Output each entry below as it stands, leaving out every picture.

[Source data]
------------------------------------
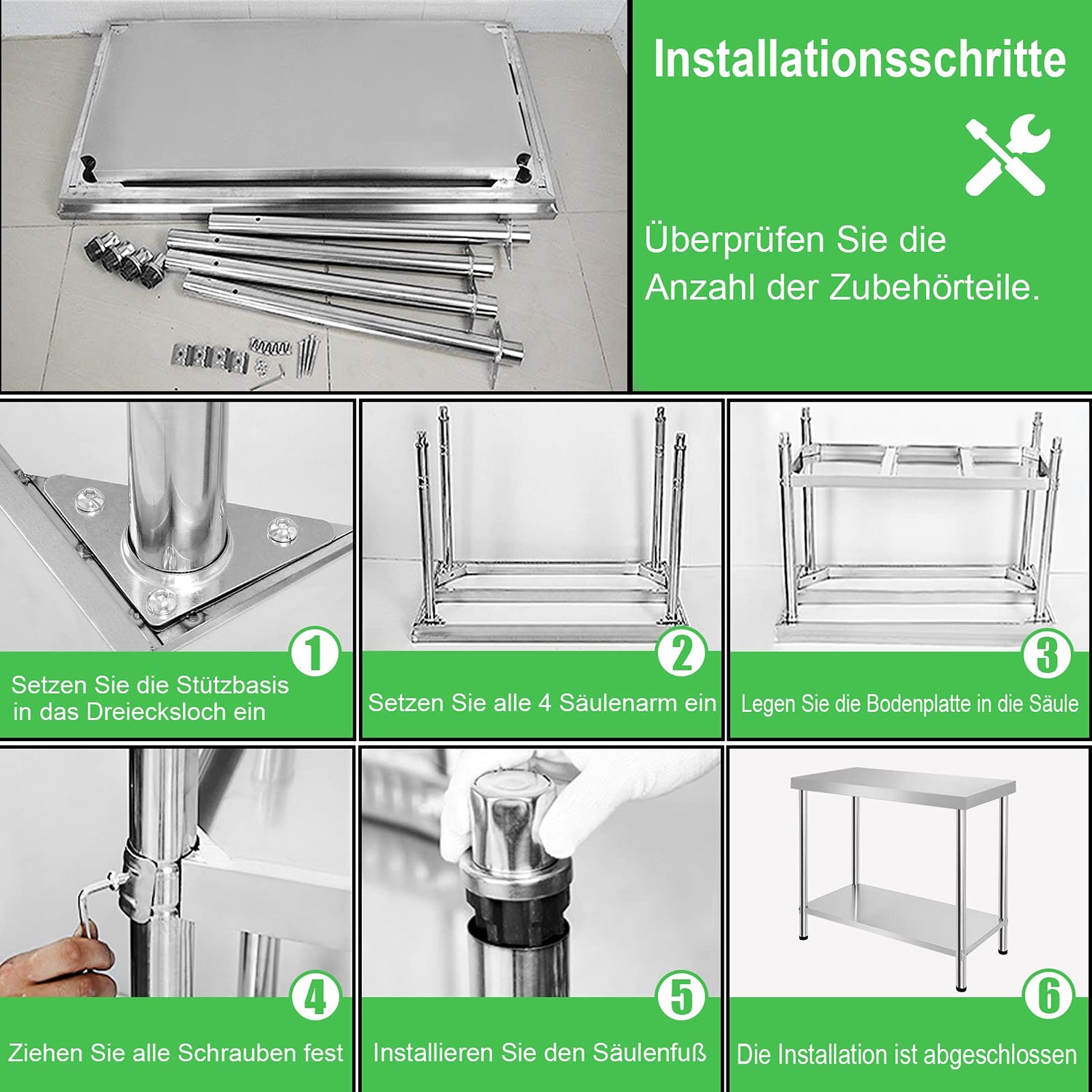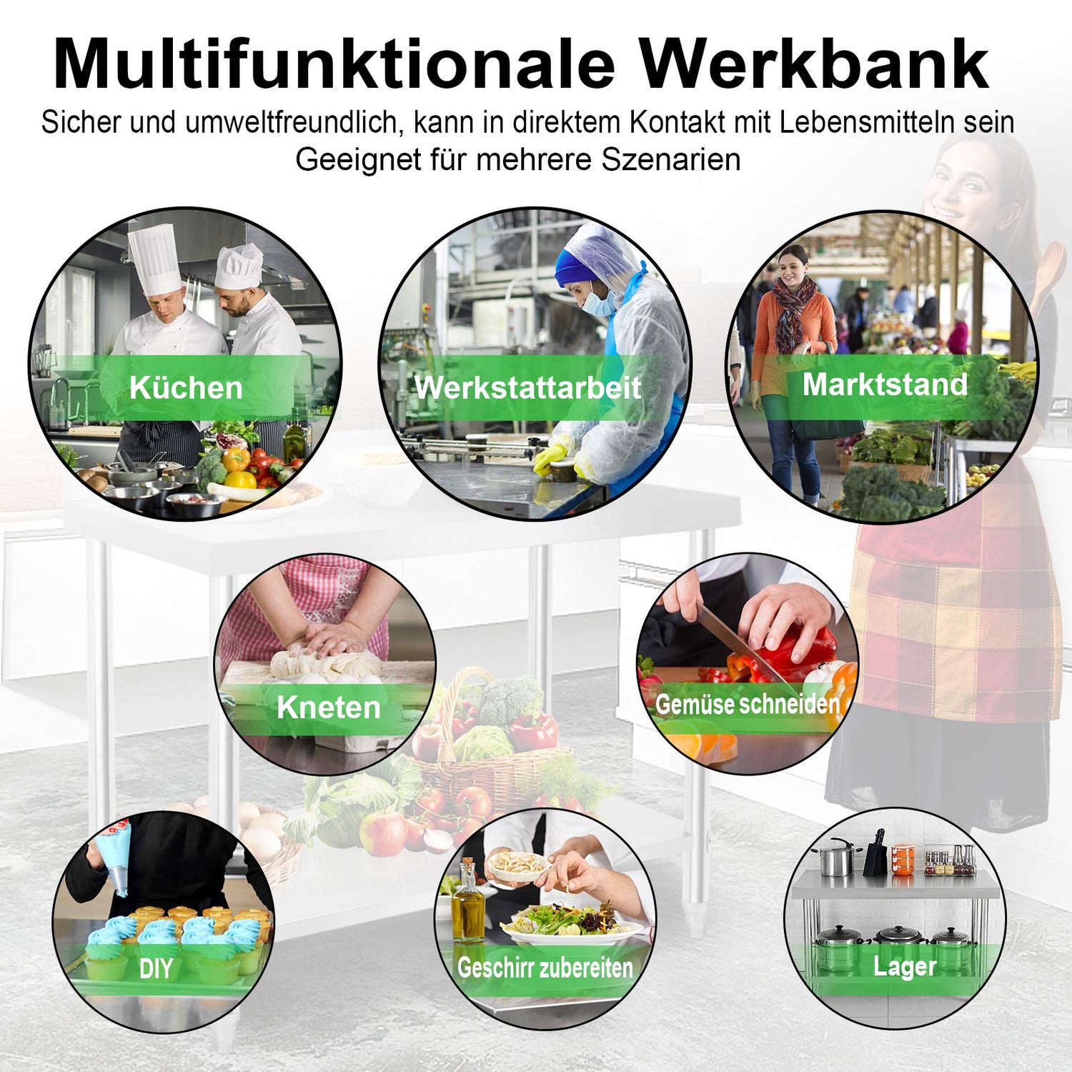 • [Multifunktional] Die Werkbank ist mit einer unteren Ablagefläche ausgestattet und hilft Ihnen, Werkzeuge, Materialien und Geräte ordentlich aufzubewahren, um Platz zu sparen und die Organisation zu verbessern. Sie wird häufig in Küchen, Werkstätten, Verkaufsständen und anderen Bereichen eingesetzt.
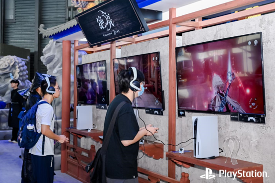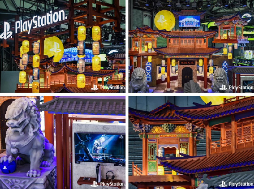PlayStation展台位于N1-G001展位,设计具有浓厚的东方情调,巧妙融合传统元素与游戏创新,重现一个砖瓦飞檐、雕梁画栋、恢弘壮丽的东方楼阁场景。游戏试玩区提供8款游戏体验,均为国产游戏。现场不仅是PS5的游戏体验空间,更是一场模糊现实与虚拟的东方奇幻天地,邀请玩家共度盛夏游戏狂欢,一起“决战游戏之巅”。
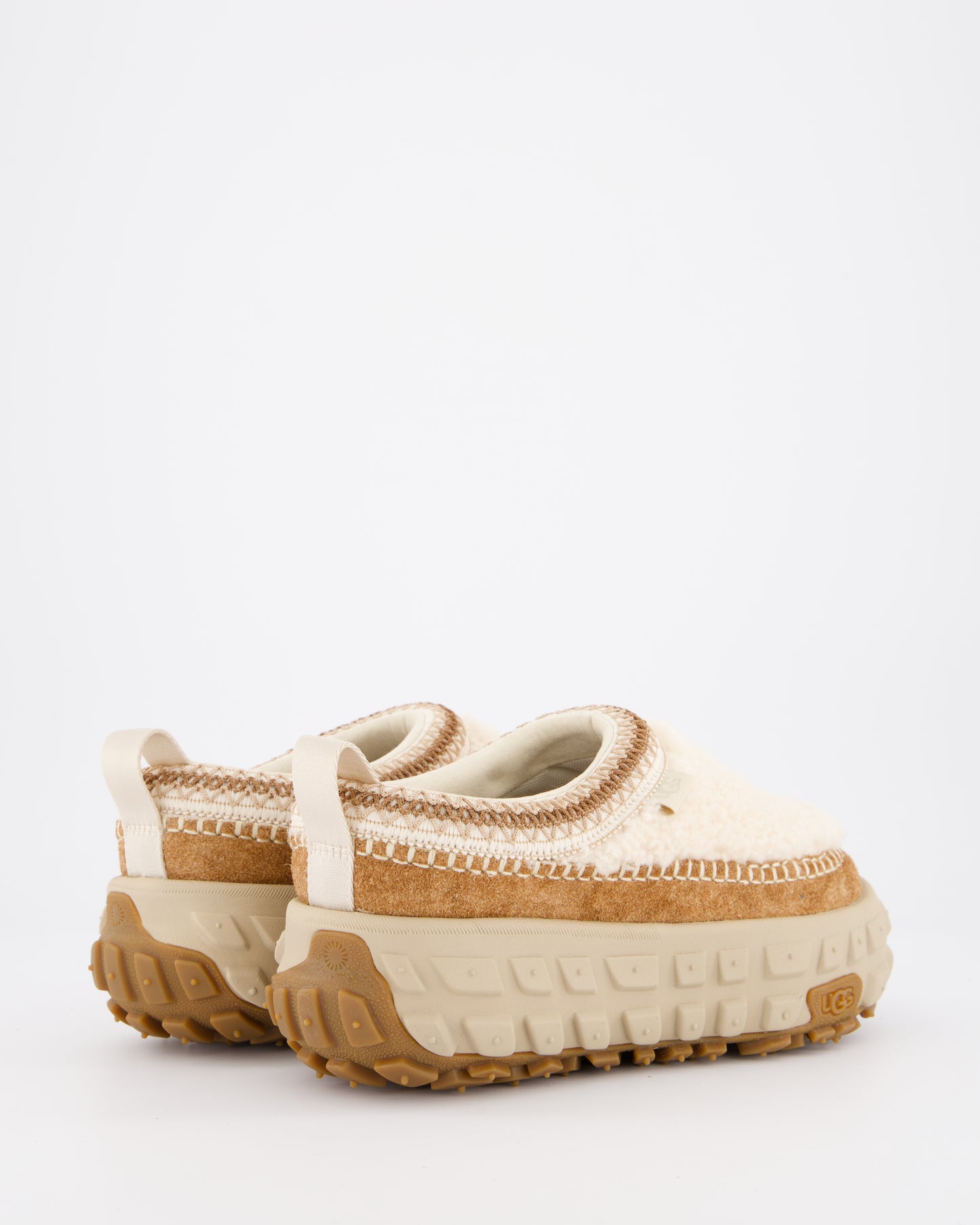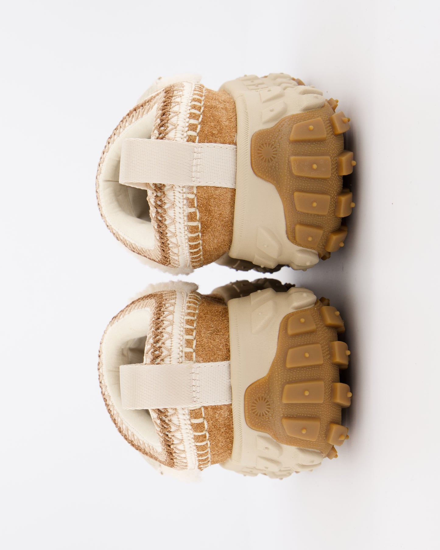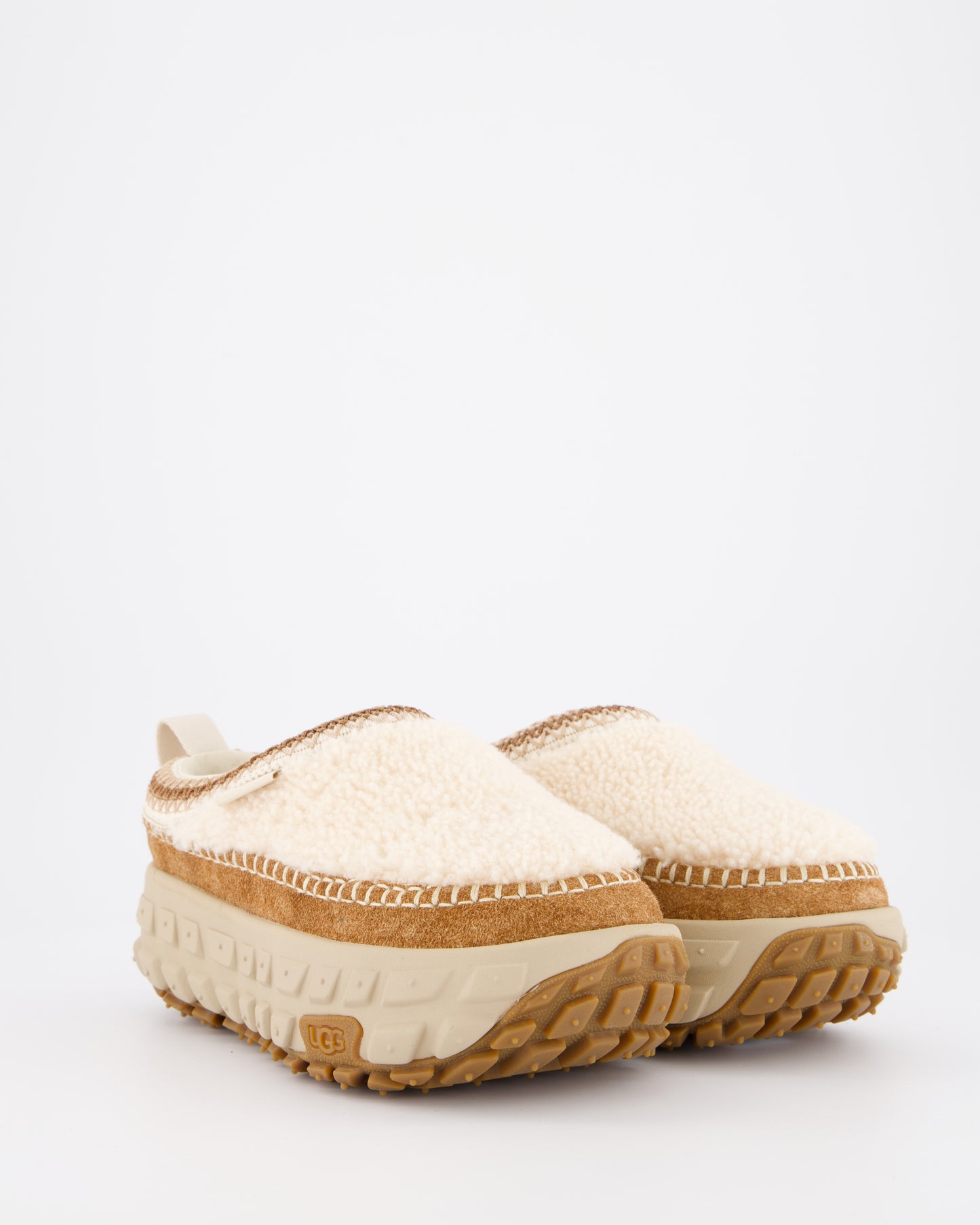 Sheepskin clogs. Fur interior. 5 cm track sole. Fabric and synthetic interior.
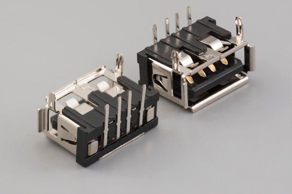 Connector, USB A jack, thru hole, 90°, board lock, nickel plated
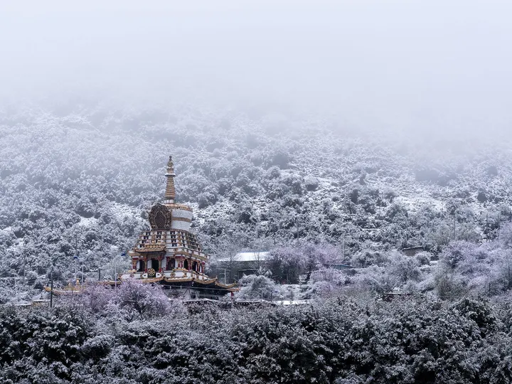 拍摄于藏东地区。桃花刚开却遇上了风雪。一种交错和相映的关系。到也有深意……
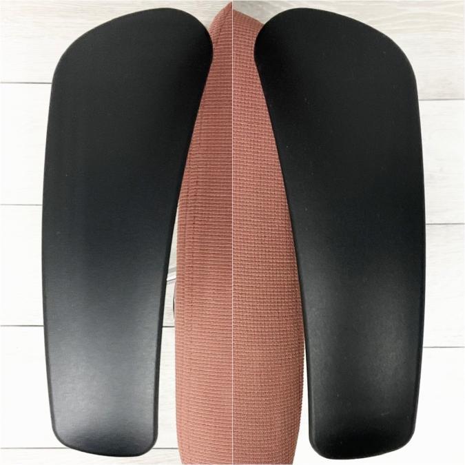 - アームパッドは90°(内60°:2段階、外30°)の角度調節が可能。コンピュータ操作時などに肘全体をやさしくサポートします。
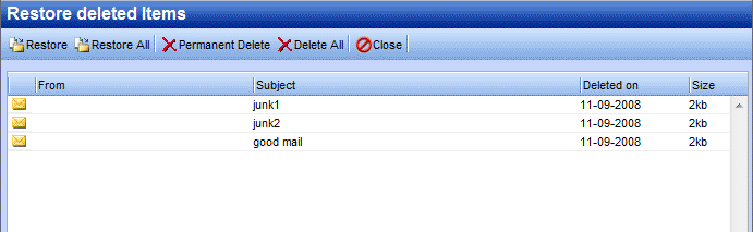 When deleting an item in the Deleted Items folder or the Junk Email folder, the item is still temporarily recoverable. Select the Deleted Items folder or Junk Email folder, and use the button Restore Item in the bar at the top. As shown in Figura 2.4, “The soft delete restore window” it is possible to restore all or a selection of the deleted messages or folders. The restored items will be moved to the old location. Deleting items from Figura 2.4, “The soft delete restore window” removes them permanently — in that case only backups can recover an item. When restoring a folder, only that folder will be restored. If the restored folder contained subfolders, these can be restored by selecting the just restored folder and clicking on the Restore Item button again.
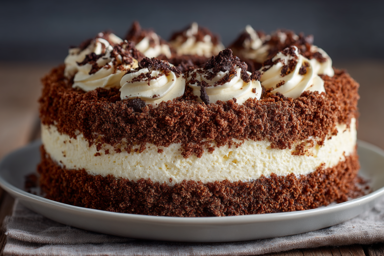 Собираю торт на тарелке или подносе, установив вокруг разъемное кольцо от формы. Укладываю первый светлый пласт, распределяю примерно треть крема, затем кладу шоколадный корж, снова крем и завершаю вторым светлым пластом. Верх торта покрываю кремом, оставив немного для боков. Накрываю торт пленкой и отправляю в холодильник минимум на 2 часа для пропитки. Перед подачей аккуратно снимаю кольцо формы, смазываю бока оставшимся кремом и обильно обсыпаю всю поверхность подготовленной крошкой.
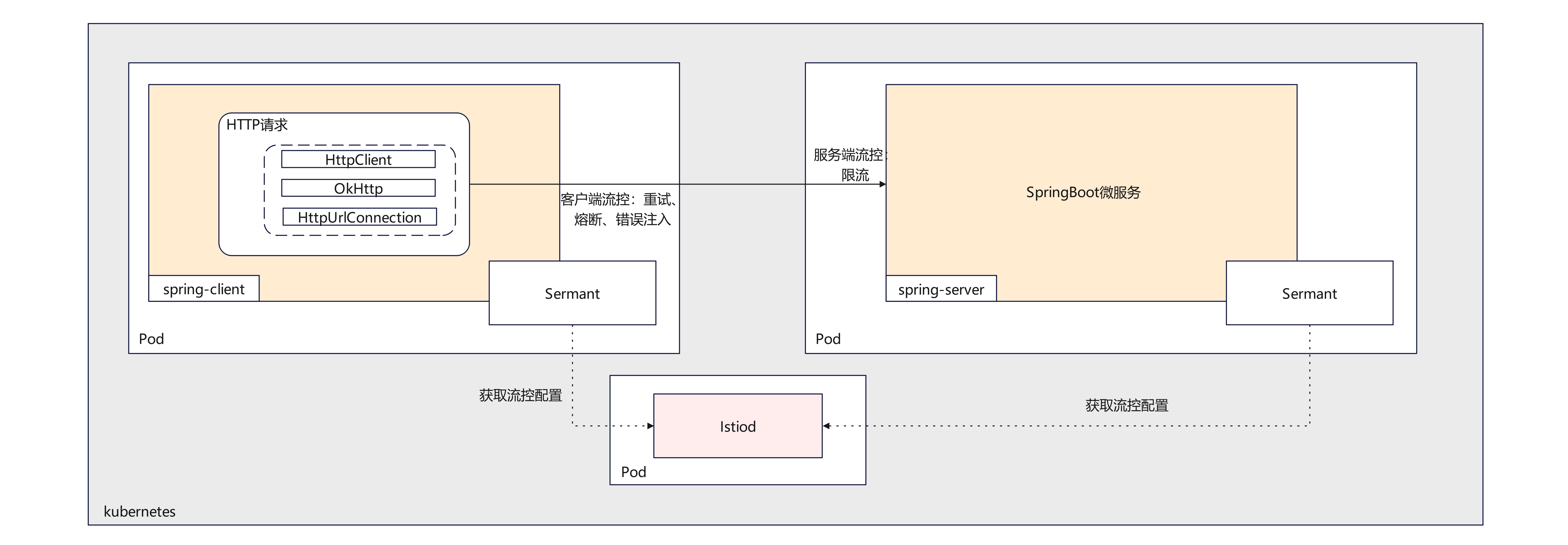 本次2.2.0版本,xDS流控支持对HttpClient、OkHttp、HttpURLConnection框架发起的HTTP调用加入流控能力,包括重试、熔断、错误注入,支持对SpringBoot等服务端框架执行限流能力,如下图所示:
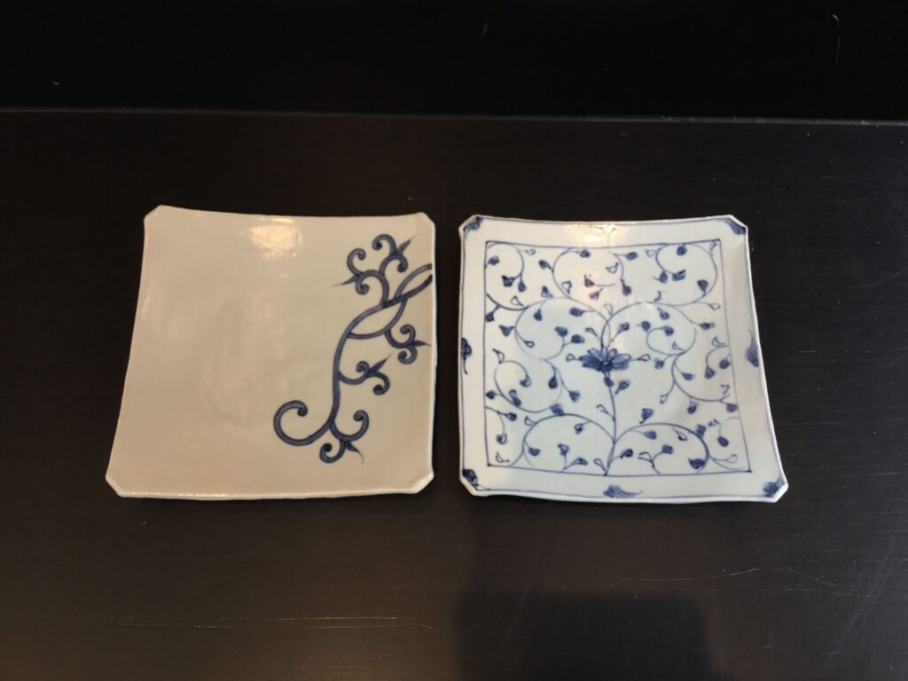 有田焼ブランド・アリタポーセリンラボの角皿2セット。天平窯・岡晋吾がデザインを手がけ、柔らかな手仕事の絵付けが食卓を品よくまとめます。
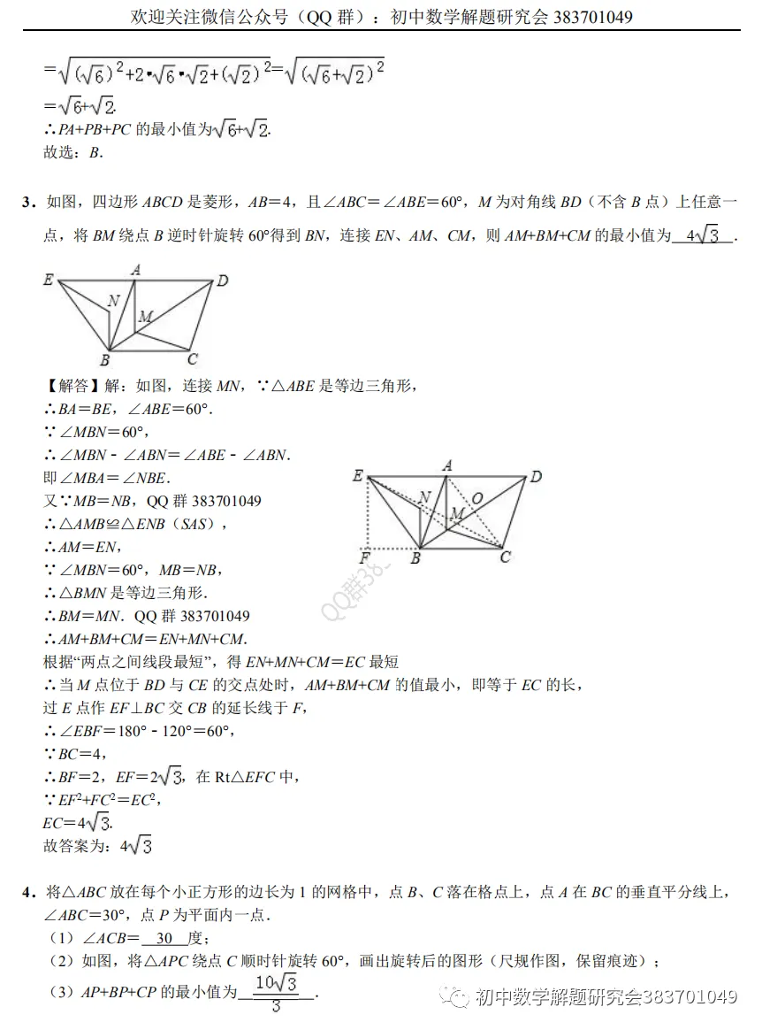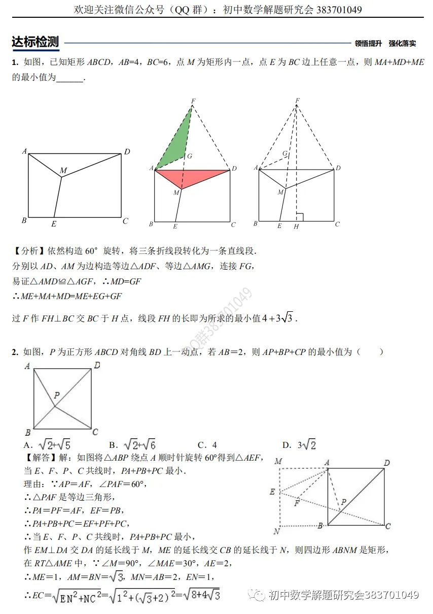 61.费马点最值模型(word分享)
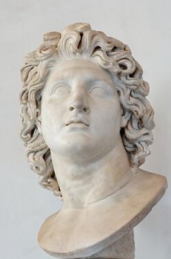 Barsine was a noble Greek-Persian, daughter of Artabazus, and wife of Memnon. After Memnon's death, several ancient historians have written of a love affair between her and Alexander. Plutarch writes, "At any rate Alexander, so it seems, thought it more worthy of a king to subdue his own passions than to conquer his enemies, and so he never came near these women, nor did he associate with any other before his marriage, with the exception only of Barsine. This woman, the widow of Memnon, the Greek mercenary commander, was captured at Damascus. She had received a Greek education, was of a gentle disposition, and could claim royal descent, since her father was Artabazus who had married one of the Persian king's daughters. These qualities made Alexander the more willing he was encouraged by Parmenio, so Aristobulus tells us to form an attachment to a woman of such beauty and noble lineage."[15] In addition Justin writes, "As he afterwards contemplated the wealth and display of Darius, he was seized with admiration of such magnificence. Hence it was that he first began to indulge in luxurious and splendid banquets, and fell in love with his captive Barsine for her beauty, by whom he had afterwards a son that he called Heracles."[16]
------------------------------------
**Finished exercise**
 • [Multifunktional] Die Werkbank ist mit einer unteren Ablagefläche ausgestattet und hilft Ihnen, Werkzeuge, Materialien und Geräte ordentlich aufzubewahren, um Platz zu sparen und die Organisation zu verbessern. Sie wird häufig in Küchen, Werkstätten, Verkaufsständen und anderen Bereichen eingesetzt.
PlayStation展台位于N1-G001展位,设计具有浓厚的东方情调,巧妙融合传统元素与游戏创新,重现一个砖瓦飞檐、雕梁画栋、恢弘壮丽的东方楼阁场景。游戏试玩区提供8款游戏体验,均为国产游戏。现场不仅是PS5的游戏体验空间,更是一场模糊现实与虚拟的东方奇幻天地,邀请玩家共度盛夏游戏狂欢,一起“决战游戏之巅”。
 Sheepskin clogs. Fur interior. 5 cm track sole. Fabric and synthetic interior.
 Connector, USB A jack, thru hole, 90°, board lock, nickel plated
 拍摄于藏东地区。桃花刚开却遇上了风雪。一种交错和相映的关系。到也有深意……
 - アームパッドは90°(内60°:2段階、外30°)の角度調節が可能。コンピュータ操作時などに肘全体をやさしくサポートします。
 When deleting an item in the Deleted Items folder or the Junk Email folder, the item is still temporarily recoverable. Select the Deleted Items folder or Junk Email folder, and use the button Restore Item in the bar at the top. As shown in Figura 2.4, “The soft delete restore window” it is possible to restore all or a selection of the deleted messages or folders. The restored items will be moved to the old location. Deleting items from Figura 2.4, “The soft delete restore window” removes them permanently — in that case only backups can recover an item. When restoring a folder, only that folder will be restored. If the restored folder contained subfolders, these can be restored by selecting the just restored folder and clicking on the Restore Item button again.
 Собираю торт на тарелке или подносе, установив вокруг разъемное кольцо от формы. Укладываю первый светлый пласт, распределяю примерно треть крема, затем кладу шоколадный корж, снова крем и завершаю вторым светлым пластом. Верх торта покрываю кремом, оставив немного для боков. Накрываю торт пленкой и отправляю в холодильник минимум на 2 часа для пропитки. Перед подачей аккуратно снимаю кольцо формы, смазываю бока оставшимся кремом и обильно обсыпаю всю поверхность подготовленной крошкой.
 本次2.2.0版本,xDS流控支持对HttpClient、OkHttp、HttpURLConnection框架发起的HTTP调用加入流控能力,包括重试、熔断、错误注入,支持对SpringBoot等服务端框架执行限流能力,如下图所示:
 有田焼ブランド・アリタポーセリンラボの角皿2セット。天平窯・岡晋吾がデザインを手がけ、柔らかな手仕事の絵付けが食卓を品よくまとめます。
 61.费马点最值模型(word分享)
 Barsine was a noble Greek-Persian, daughter of Artabazus, and wife of Memnon. After Memnon's death, several ancient historians have written of a love affair between her and Alexander. Plutarch writes, "At any rate Alexander, so it seems, thought it more worthy of a king to subdue his own passions than to conquer his enemies, and so he never came near these women, nor did he associate with any other before his marriage, with the exception only of Barsine. This woman, the widow of Memnon, the Greek mercenary commander, was captured at Damascus. She had received a Greek education, was of a gentle disposition, and could claim royal descent, since her father was Artabazus who had married one of the Persian king's daughters. These qualities made Alexander the more willing he was encouraged by Parmenio, so Aristobulus tells us to form an attachment to a woman of such beauty and noble lineage."[15] In addition Justin writes, "As he afterwards contemplated the wealth and display of Darius, he was seized with admiration of such magnificence. Hence it was that he first began to indulge in luxurious and splendid banquets, and fell in love with his captive Barsine for her beauty, by whom he had afterwards a son that he called Heracles."[16]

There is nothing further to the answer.